## [Exercise]
Skip the pictures and repeat each line of the data exactly.

## [Data]
——————
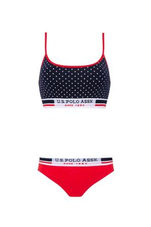 Kırmızı Lacivert Puanlı Kadın İp Askılı Büstiyer Slip Takım U.S. Polo Assn.
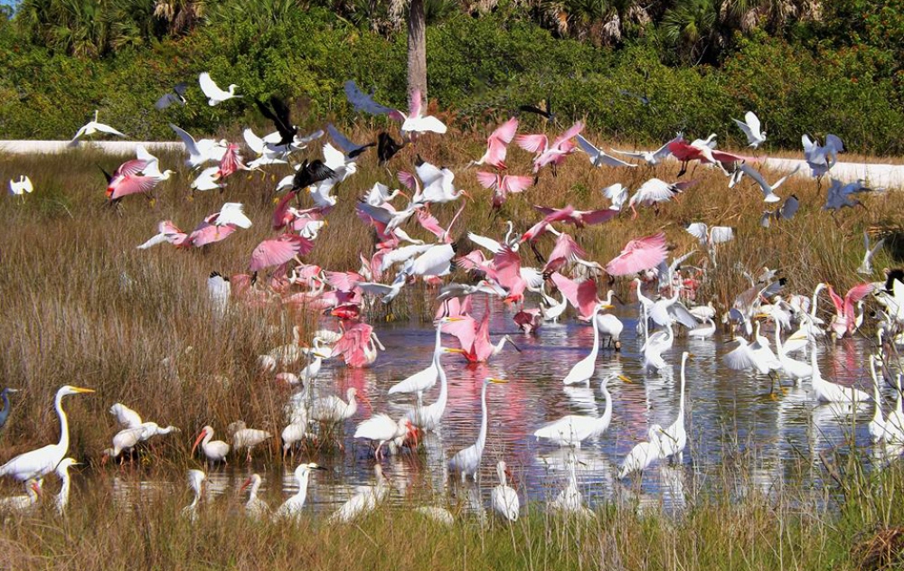 На фотках: райские водно-болотные угодья «загнивающей» Америки- колпицы, каравайки, цапли, пеликаны во Флориде США и райские водно-болотные угодья в дельте Днестра, до уничтожения олигархами заповедных пойменных лугов.
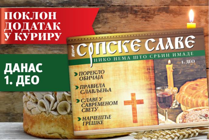 Danas vas u dnevnim novinama Kurir čeka poklon dodatak Srpske slave - niko nema što Srbin imade, u kom ćete imati priliku da pročitate o poreklu običaja, pravilima slavljenja, kako se slave slave u savremenom svetu i koje su najčešće greške pri obeležavanju slave.
——————
## [Result of the exercise]
 Kırmızı Lacivert Puanlı Kadın İp Askılı Büstiyer Slip Takım U.S. Polo Assn.
 На фотках: райские водно-болотные угодья «загнивающей» Америки- колпицы, каравайки, цапли, пеликаны во Флориде США и райские водно-болотные угодья в дельте Днестра, до уничтожения олигархами заповедных пойменных лугов.
 Danas vas u dnevnim novinama Kurir čeka poklon dodatak Srpske slave - niko nema što Srbin imade, u kom ćete imati priliku da pročitate o poreklu običaja, pravilima slavljenja, kako se slave slave u savremenom svetu i koje su najčešće greške pri obeležavanju slave.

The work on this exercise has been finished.